Training Hip Mobility Pre and Postpartum

Mobility is the body's ability to move freely. It's more than being stretchy and flexy; it means moving well and with minimal difficulty.
Appropriate Muscle Strength + Full Range of Motion + High Endurance Capacity = Awesome Mobility
Pregnant or just given birth? Chances are, moving may have become a bit more cumbersome.
Why?
No matter how awesome your mobility levels were, the physical changes experienced pre and postpartum can take their toll.
After all, during pregnancy, the body must make room for the baby. The angle of the ribs will change, and the hips will lend towards a more external rotation. Moreover, the pelvic floor connects with the hip bones, altering how weight gets distributed across the feet.

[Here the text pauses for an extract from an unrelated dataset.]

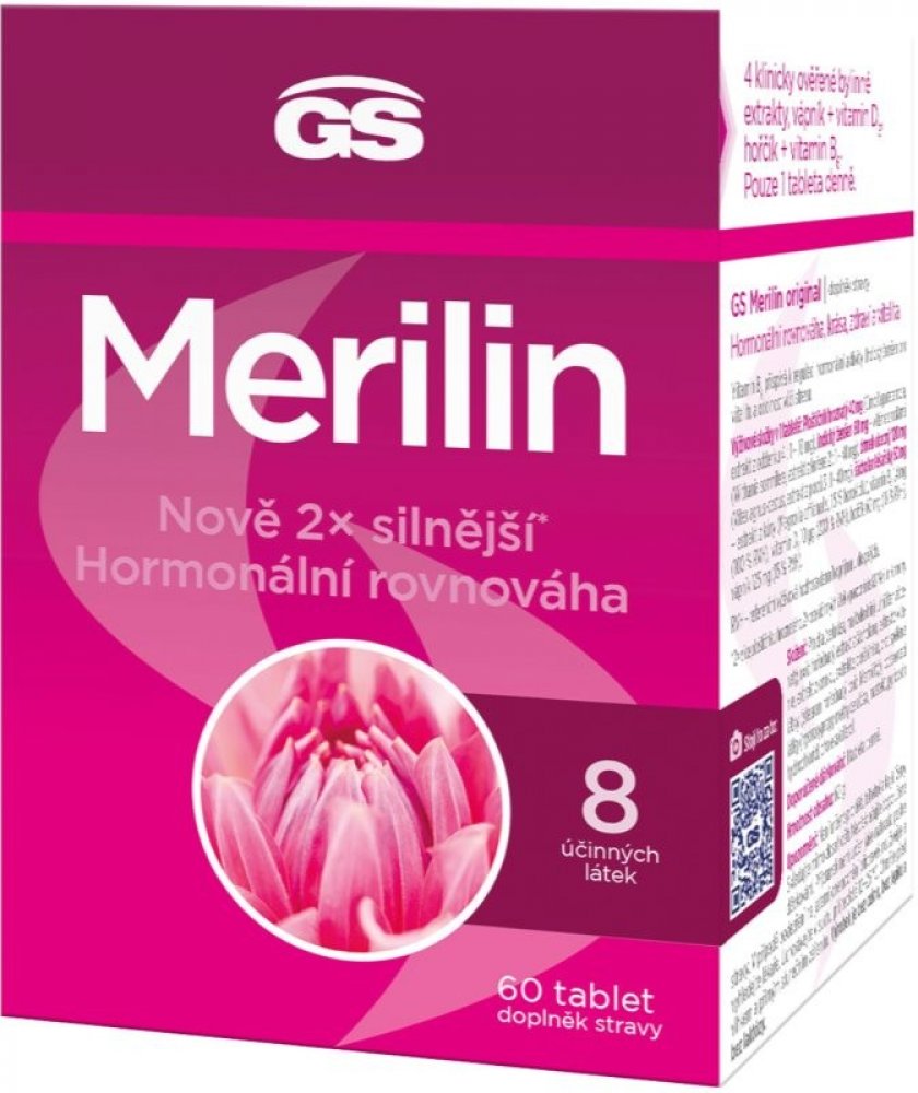 GS Merilin Original je přírodní, vysoce účinný, nehormonální přípravek, jehož složení bylo vyvinuto na základě poznatků z nejnovějších klinických studií. Obsahuje unikátní kombinaci 2× většího množství cimicifugy racemosy (ploštičníku hroznatého) s klinicky ověřenou dávkou magnolie officinalis (šácholanu lékařského), vitexu agnus castus (drmku obecného) a dalších látek, které pomáhají k udržení správné hladiny hormonů v těle a efektivně přispívají ke snížení projevů menopauzy. Účinné složky rovněž podporují fyzickou i psychickou pohodu a vitalitu.

Everything affects everything, and these significant changes in the muscles surrounding the hips can lead to imbalances and discomfort.
When working with pre and postpartum clients experiencing hip mobility issues, I always emphasise increasing their internal hip mobility.
If you decide to work on your mobility, you must understand that you may need assistance when moving into certain positions. That's why you want to regress to the appropriate scaling option. Adding a yoga block or a bench will help you decrease the range of movement required. Another great way to add tension without overloading your body is by using bands.
There's no "one size fits all approach" to your pre and postpartum needs.
After all, both your body and your pregnancy are unique to you.